*** DATA SHOWN Section Begins ***
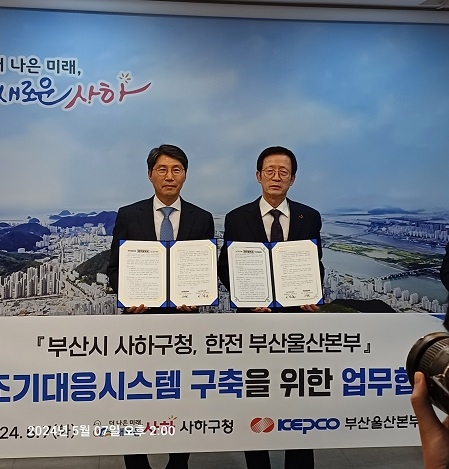 한국전력공사 부산울산본부는 7일 사하구청에서 부산 사하구와 산림자원의 보호를 위해 산불의 감시, 산불발생시 조기대응을 위한 시스템 구축과 정보 공유에 필요한 제반 협력사항을 논의하고 업무협약을 체결했다고 밝혔다.
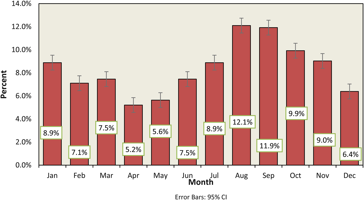 Fig. 1. Monthly incidence of P. aeruginosa in otitis externa infection from 2008 to 2016.
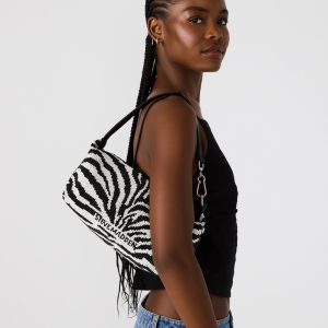 Expertly designed, the EMERSYN bag boasts fully beaded details and a logo design beaded into the bag. With hardware to attach charms and secure zipper closure, this bag also features a back wall zipper pocket for additional storage. Exude style and functionality with this chic accessory.
*** DATA SHOWN Section Ends ***
Drop the images; restate the listing exactly.

**REPLY:**
 한국전력공사 부산울산본부는 7일 사하구청에서 부산 사하구와 산림자원의 보호를 위해 산불의 감시, 산불발생시 조기대응을 위한 시스템 구축과 정보 공유에 필요한 제반 협력사항을 논의하고 업무협약을 체결했다고 밝혔다.
 Fig. 1. Monthly incidence of P. aeruginosa in otitis externa infection from 2008 to 2016.
 Expertly designed, the EMERSYN bag boasts fully beaded details and a logo design beaded into the bag. With hardware to attach charms and secure zipper closure, this bag also features a back wall zipper pocket for additional storage. Exude style and functionality with this chic accessory.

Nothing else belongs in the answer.